Sun Jul 13 23:00:21 2008   (SCNodeI0.13422 : csa102CompEO.---.---.00490 :   INFO)
 csa102: Hello World!          .

Sun Jul 13 23:00:22 2008   (SCNodeI0.13422 : csa102CompEO.---.---.00491 :   INFO)
 csa102: Hello World! .

Sun Jul 13 23:00:23 2008   (SCNodeI0.13422 : csa102CompEO.---.---.00492 :   INFO)
 csa102: Hello World!  .     .
  

This indicates that the standby component has taken over for the failed active component.

Looking in the csa102CompI0 application log you can see that this component was killed and has been restarted.

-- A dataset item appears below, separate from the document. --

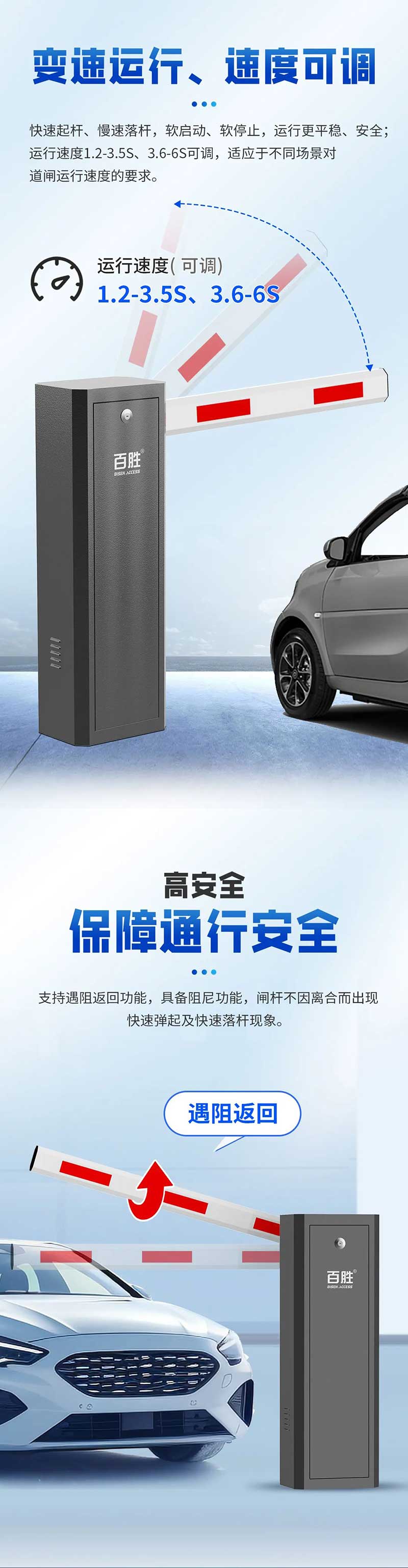 2、變速運行、迪度可調(diào):快速起桿、慢速落桿,軟啟動、軟停止,運行更平穩(wěn)、安全;運行速度1.2-3.5S、3.6-6S可調(diào),適應(yīng)于不同場景對
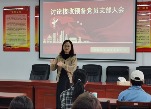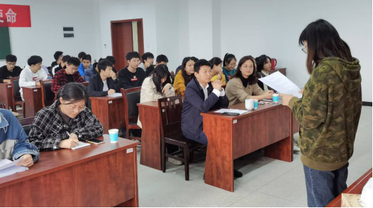 本次大会由研究生支部书记周芳主持,参与本次大会的有院党委副书记徐丹、副院长涂兵、专职组织员周煊阳、戎丽雅以及研究生支部各党员。

Since csa102CompI1 took over as the active component this component now goes into the standby state.

/root/asp/var/log/csa102CompI0Log.latest
Sun Jul 13 22:53:02 2008   (SCNodeI0.13712 : csa102CompEO.---.---.00040 :   INFO)
 Component [csa102CompI0] : PID [13712]. Initializing

Sun Jul 13 22:53:02 2008   (SCNodeI0.13712 : csa102CompEO.---.---.00041 :   INFO)
    IOC Address             : 0x1

Sun Jul 13 22:53:02 2008   (SCNodeI0.13712 : csa102CompEO.---.---.00042 :   INFO)
    IOC Port                : 0x80

Sun Jul 13 22:53:02 2008   (SCNodeI0.13712 : csa102CompEO.---.---.00043 :   INFO)
 csa102: Instantiated as component instance csa102CompI0.

Sun Jul 13 22:53:02 2008   (SCNodeI0.13712 : csa102CompEO.---.---.00044 :   INFO)
 csa102CompI0: Waiting for CSI assignment...
  

You can continue to observe this failover by alternately killing the active component.

To stop csa102 using the SAFplus Platform Console.

cli[Test:SCNodeI0:CPM]-> amsLockAssignment sg csa102SGI0

Successfully changed state of csa102SGI0 to LockAssignment

cli[Test:SCNodeI0:CPM]-> amsLockInstantiation sg csa102SGI0
cli[Test:SCNodeI0:CPM] -> end
cli[Test:SCNodeI0] -> end
cli[Test] -> bye

Successfully changed state of csa102SGI0 to LockInstantiation and exit.

Summary

This Sample Application has covered basic HA and failover, with changing the state of a component to active and standby.